“René Burri was always driven by an irrepressible zest for life and a thirst for discovering the universe, but especially by an acute aware-ness of the ebb and flow of things, a tenacious desire to understand the workings of the world, and the certainty of then being able to share his experiences and his analyses with his peers. Two parallel approaches can be distinguished in René Burri: on the one hand the composition, the structure and the visual impact are of indisputable economy, precision and legibility, conferring on his work a symbolic character, universal and almost eternal; on the other, each sign, each shape, each frame within the image confers an original and personal perspective on what is portrayed. The uniqueness of Burri`s visual universe, whether in response to a commission or for more personal work, whether in black-and-white or in colour, is founded on the complementarity between these two approaches, their superposition and their osmosis, perhaps. His photographs also hold the page or the picture rails of a gallery like no others and have the unique power to reveal each situation to us in a single photogram.”
Marc Donnadieu, Co-curator with Mélanie Bétrisey of the exhibition at the Musée de l`Elysée, Lausanne (excerpt from the catalogue “René Burri, Explosion of Sight”, Musée de l`Elysée Lausanne/Scheidegger & Spiess)
René Burri (Swiss, 1933–2014) was a photographer, known for his images of important historical, political, and cultural events of the 20th century. Born in Zurich, Burri attended the School of Applied Arts, where he worked under renowned photographers Hans Finsler and Alfred Willimann, as well as Expressionist painter Johannes Itten. After graduating, Burri served in the military, and experimented with documentary filmmaking, briefly working in film production for Walt Disney in Switzerland. He became an associate of Magnum Photos in 1955, and received international attention for his series on deaf-mute children, Touch of Music for the Deaf, published in LIFE magazine that same year.
Between 1956 and 1959, he traveled extensively in Europe, Asia, the Middle East, and Latin America, and was published in LIFE, The New York Times, Stern, Paris-Match, and Look. During this time, he also photographed prominent artists, including Pablo Picasso and Alberto Giacometti.

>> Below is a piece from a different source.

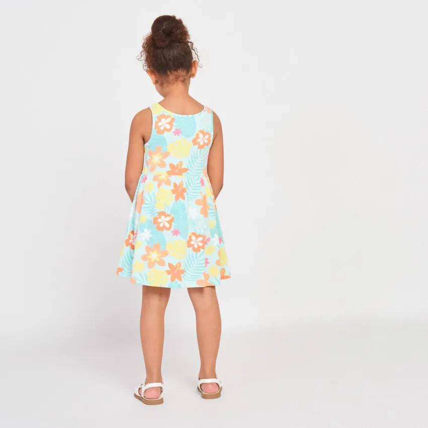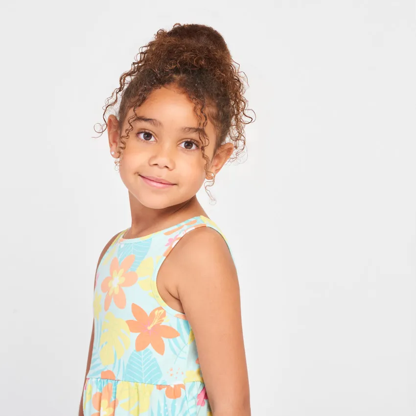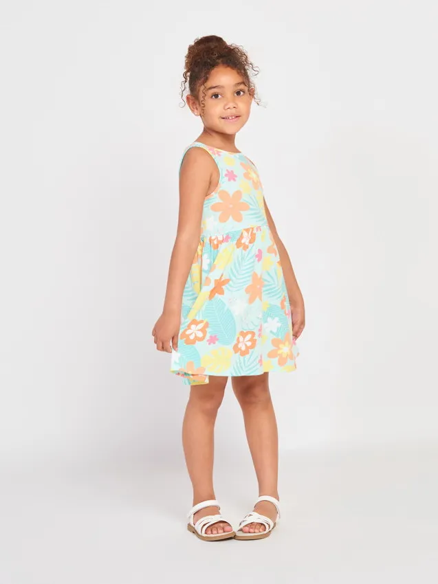 Лёгкое и удобное летнее платье для девочки выполнено из мягкого трикотажа, который приятно ощущается на коже и хорошо пропускает воздух. Такая ткань обеспечивает комфорт даже в тёплую погоду и подходит для активного дня ребёнка.

Burri became a full member of Magnum in 1959, and continued to build a reputation as a photojournalist. Burri published his first book, Die Deutschen, in Switzerland in 1962, and held his first solo exhibition at the Art Institute of Chicago in 1963. That same year, while working in Cuba, he photographed Fidel Castro and Che Guevara. His image of Guevara smoking a cigar became world renowned, and is arguably the most recognizable portrait of the famous revolutionary.

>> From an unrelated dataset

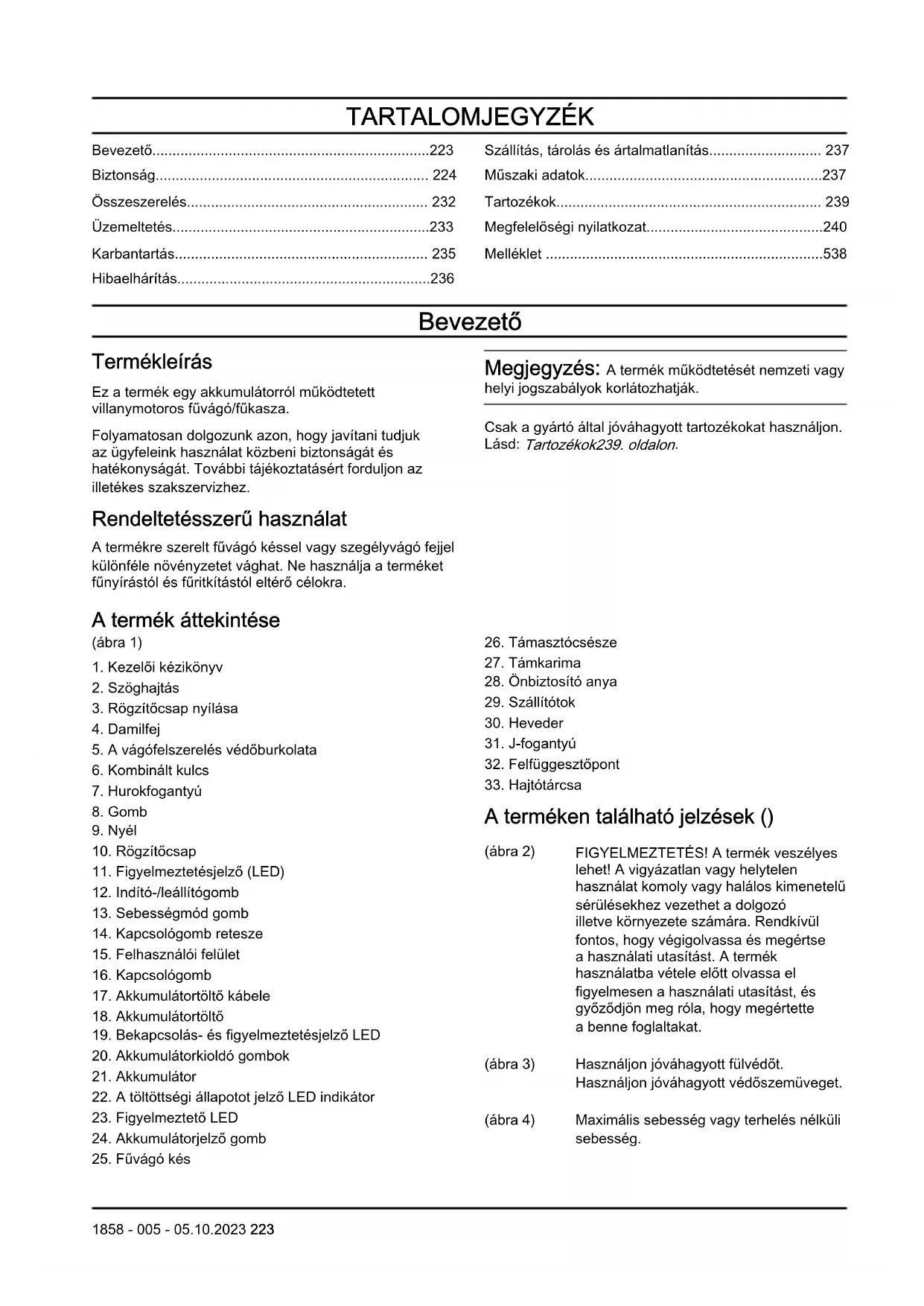 - Melléklet Bevezető Termékleírás Ez a termék egy akkumulátorról működtetett villanymotoros fűvágó/fűkasza. Folyamatosan dolgozunk azon, hogy javítani tudjuk az ügyfeleink használat közbeni biztonságát és hatékonyságát. További tájékoztatásért forduljon az illetékes szakszervizhez. Rendeltetésszerű használat A termékre szerelt fűvágó késsel vagy szegélyvágó fejjel különféle növényzetet vághat. Ne használja a terméket fűnyírástól és fűritkítástól eltérő célokra. Megjegyzés: A termék működtetését nemzeti vagy helyi jogszabályok korlátozhatják. Csak a gyártó által jóváhagyott tartozékokat használjon. Lásd: Tartozékok239. oldalon p. 538

Burri opened Magnum Gallery in Paris in 1962, and continued to work as a photographer and made collages and drawings. He participated in the creation of Magnum Films in 1965, and then spent time in China, where he made the documentary The Two Faces of China, which was produced by the BBC in 1968.
Burri received numerous awards, including the Chevalier de l’Ordre des Arts et des Lettres in 1991, a Dr. Erich Salomon Prize from the German Photography Society in 1998, a Canton of Zurich Cultural Prize in 1999, an Honorary Fellowship of the Royal Photographic Society in 2006, and the Swiss Press Photo Lifetime Achievement Award in 2011. A large retrospective of his work was held in 2004 and 2005 at the Maison Européenne de la Photographie in Paris, and subsequently traveled to museums throughout Europe.
Burri died in Zurich after a long battle with cancer at the age of 81.